The Cuban health care system in which these
students are working is exceptional for a poor country and represents
an important political
accomplishment of the Castro government. Since 1959, Cuba has invested
heavily in health care and now has twice as many physicians per
capita as the United States and health indicators on a par with
those in the most developed nations – despite the U.S. embargo
that severely reduces the availability of medications and medical
technology. This success clearly plays well at home and has enabled
Cuba to send physicians abroad to Cold War hot spots such as Nicaragua
and Angola. Yet Cuba has also sent thousands of physicians to work
in some of the world's poorest countries. Since 1998, 7150 Cuban
doctors have worked in 27 countries - on a proportional basis this
is the equivalent of the United States sending 175,000 physicians
abroad. In the same spirit, ELAM trains young people from these
countries and sends them home to practice medicine. Although these
programs make political points for Cuba, they also represent an
extraordinary humanitarian contribution to the world's poor populations.
The U.S. students face a hurdle that their classmates in Cuba
do not. To obtain residency positions in the United States and
uphold their side of the deal with Castro, U.S. students will have
to pass two steps of the United States Medical Licensing Exam (USMLE)
and the new Clinical Skills Assessment test. The first large group
of ELAM students will take Step 1 later this year, and the results
will be critical to the future of the program.
The ELAM invitation is not limited to minority
students, although the emphasis on coming from and returning
to poor communities has
naturally selected students of color. Physicians from minority
groups accounted for only 3 percent of U.S. doctors during the
middle years of the 20th century. After the civil-rights movement,
the number of minority medical students increased steadily, rising
to 11.6 percent of medical school graduates in 1998. Schools used
scholarship money, academic enrichment programs, and special admissions
criteria to increase minority enrollment. In recent years, such
initiatives have flagged – victims of court decisions opposing
affirmative action, continued escalation of medical-school tuition,
and a supply of minority students that, in the judgment of some
medical educators, is tapped out. Today, roughly 11 percent of
graduating medical students are members of minority groups.
Glover, Medina, and their schoolmates have gotten into and mastered
strong academic programs despite their disadvantaged backgrounds.
However, half of all applicants to U.S. medical schools are rejected.
By the unforgiving standards of the application process, a C in
a science class or a so-so MCAT score dooms an applicant. Castro
has removed the financial barriers and bet on motivation to overcome
any educational liabilities that students bring with them to ELAM.

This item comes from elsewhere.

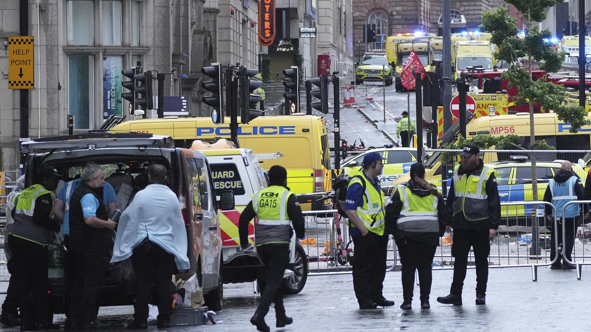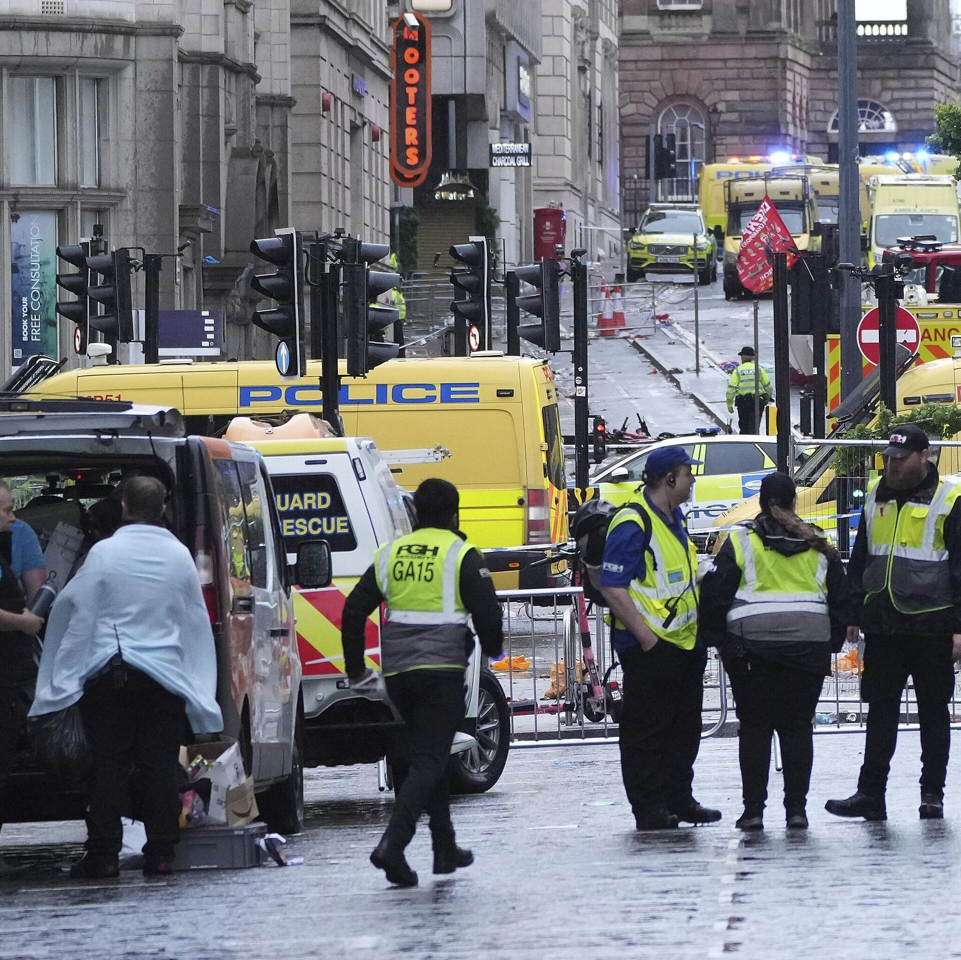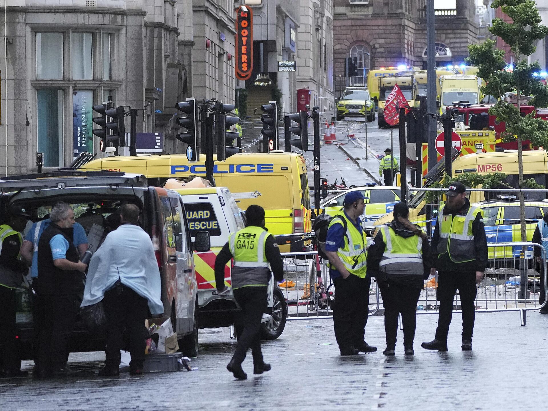 Merseyside Yangın ve Kurtarma Servisi İtfaiye Şefi Searle de olay yerine vardıklarında çok sayıda yaralı olduğunu ve 4 kişinin aracın altında sıkıştığını aktardı.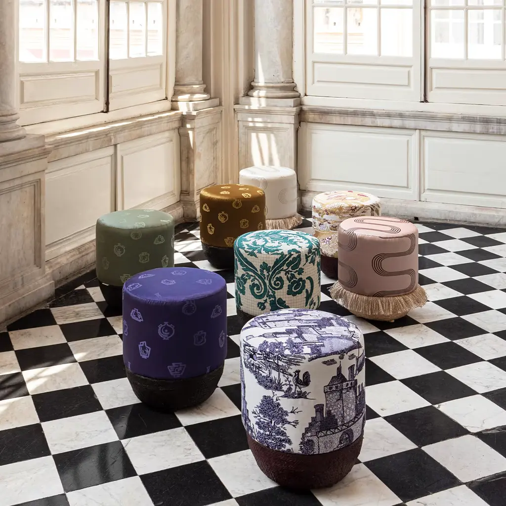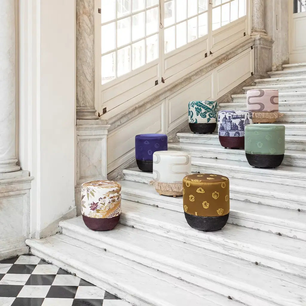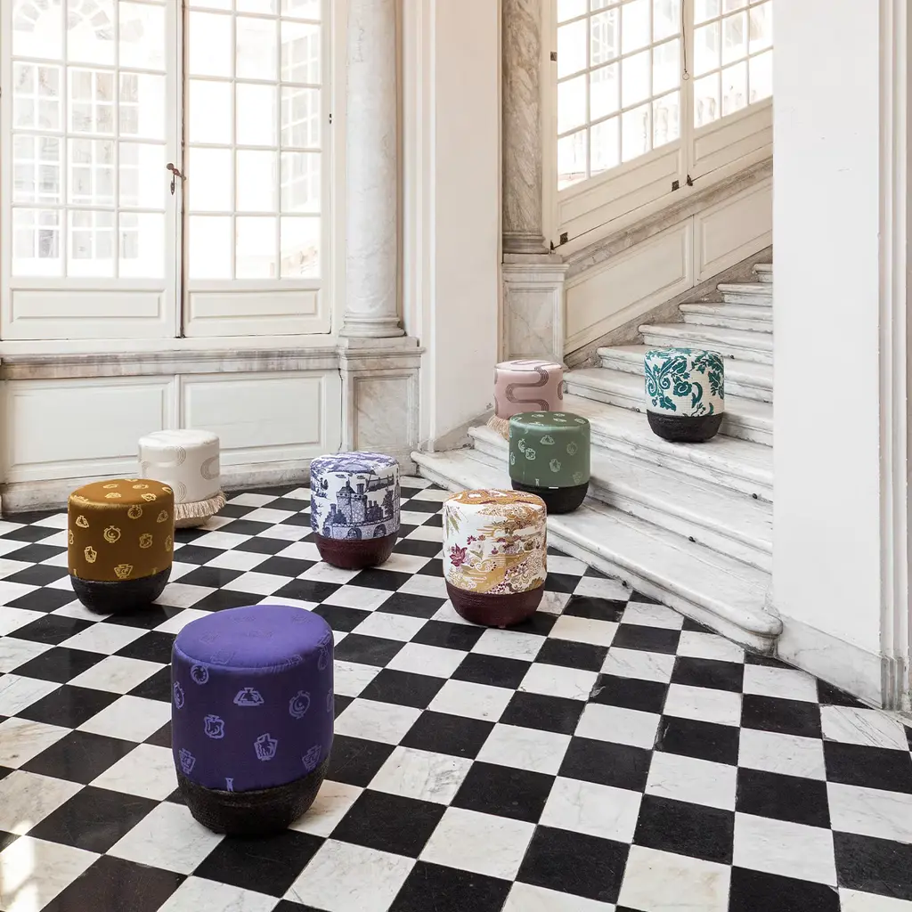 Pouf Vague Pink With Rubelli Archive Fabric And Basket Base

Which brings us back to Castro's gambit. Why
is he reaching out to U.S. students? What an irony that poor
Cuba is training doctors
for rich America, engaging in affirmative action on our behalf,
and – while blockaded by U.S. ships and sanctions – spending its
meager treasure to improve the health of U.S. citizens. Whether
one considers this a cunning move by one of history's great chess
players or an extraordinary gesture of civic generosity - or a
bit of both - it should encourage us to reexamine our stalled efforts
to achieve greater racial and ethnic parity in American medicine.